The last chapter of Politian's first Miscellanea dealt with the amica silentia lunae through which the Greeks sailed back to Troy (Aen. 2.255). He argued that the phrase should not be taken literally, as a statement that Troy fell at the new moon, but in an extended sense, as a poetic indication that the moon had not yet risen when the Greeks set sail. This reading had one merit: it explained how Virgil's moon could be silent while the Greeks were en route but shine during the battle for the city (Aen. 2.340). Yet Politian's effort to identify the phase of the moon described by Virgil was anything but clear:
Non igitur aut sera fuerit aut pernox luna, tum nec lunae quidem omnino coitus, sed tempus arbitror potius quamdiu illa non luceret.
Accordingly, though his arguments were sometimes repeated by commentators and teachers, they won little assent from scholars who occupied themselves seriously with the passage. In his Adversaria Turnebus took silentia lunae as referring ‘ad noctis taciturnitatem…non ad interlunium’. In the first chapter of his De rebus per epistolam quaesitis Giano Parrasio sharply criticised the fuzziness of Politian's explanation: ‘Ambages istae sunt, ambages’. More important, he quoted a line from the Little Iliad:
νὺξ μ⋯ν ἔην μέσση, λαμπρ⋯ δ' ⋯πέτελλε σελήνη.

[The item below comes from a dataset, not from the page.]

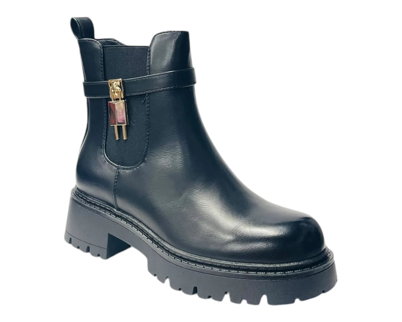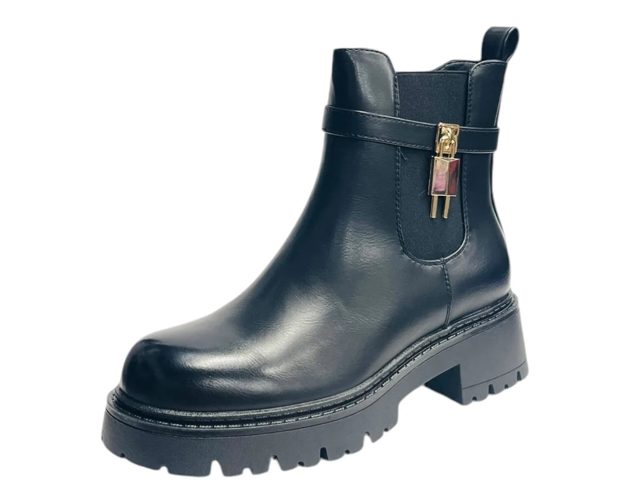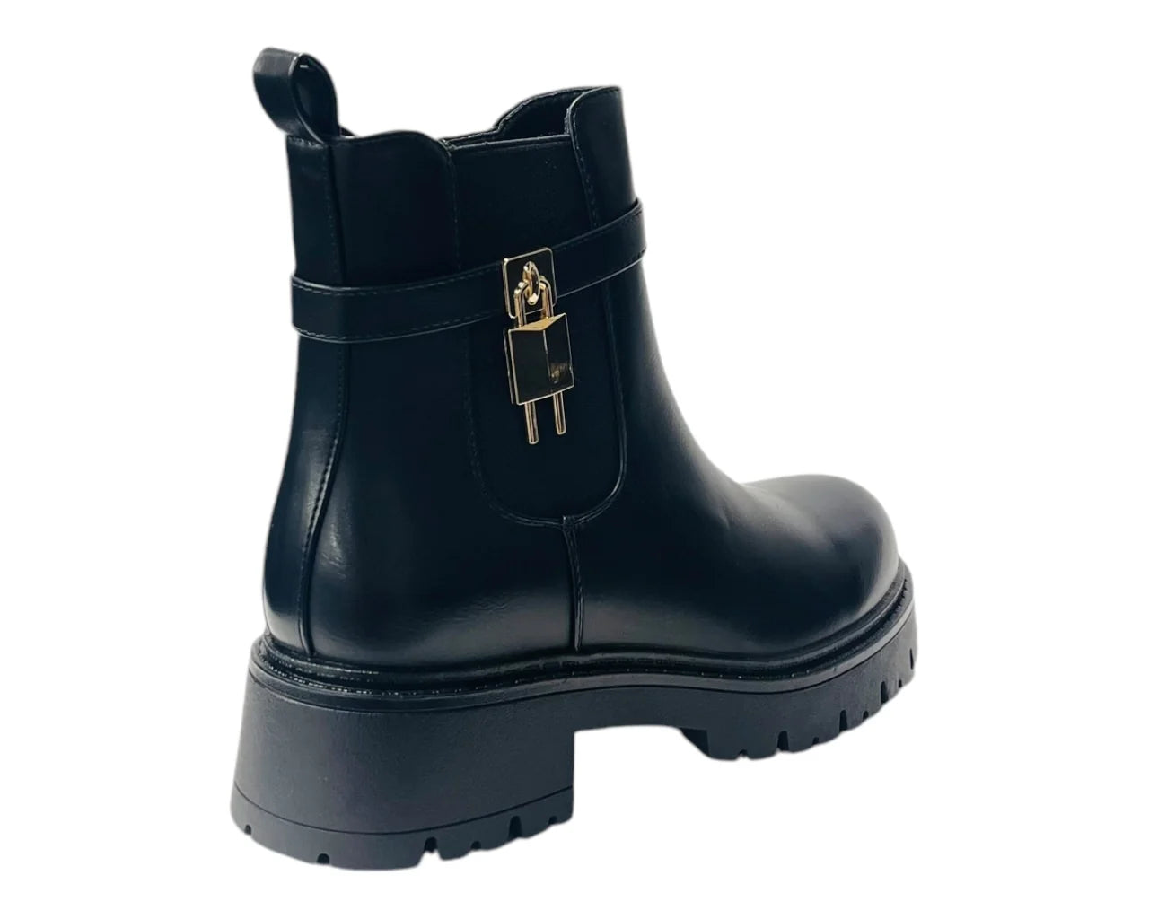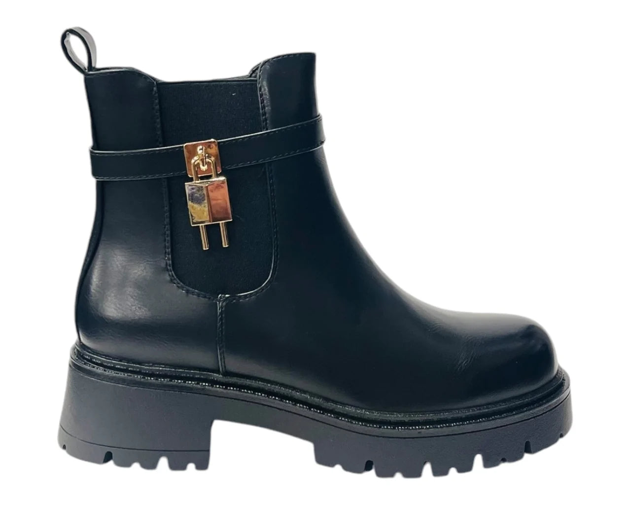 Women's Chunky Sole Padlock Chelsea Ankle Boots with Gold Buckle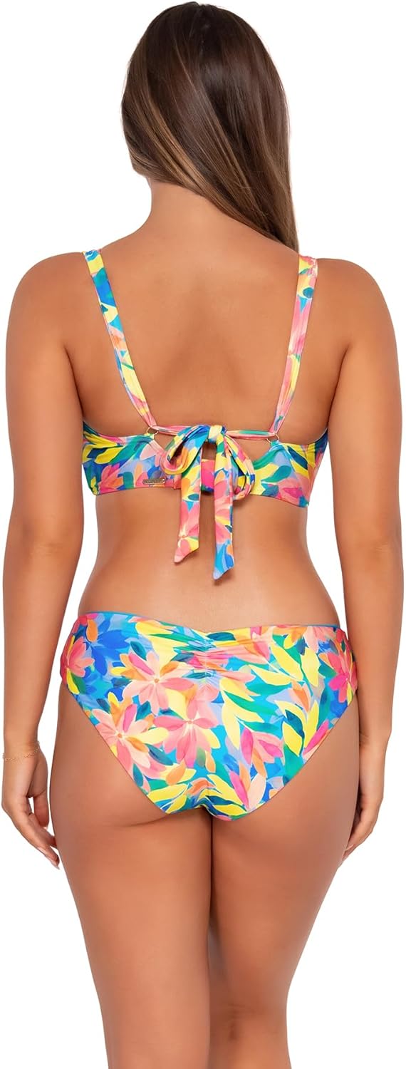 Never enough versatile bottoms! The Alana Reversible Hipster boasts a scrunch rear detail, clean seams, and a smooth front. Reversible in select prints. Subtle details enliven classic bikini bottoms. Sizes range from XS to XL. Low rise for tummy-baring days. Moderate coverage for confident curves. Top sold separately, choose your color, fit, and coverage. Fabric: 87% Recycled Nylon, 13% Spandex.

This he rendered ‘Nox erat intempesta, nitebat et aurea coelo Luna’, and inferred from it that the moon had been up when Troy fell. In his Virgilius collation scriptorum Graecorum illustratus, finally, Fulvio Orsini published a scholium on Euripides' Hecuba, one which quoted both the line from the Little Iliad and an analysis of it by the Peripatetic Callisthenes. He too took the line as refuting Politian.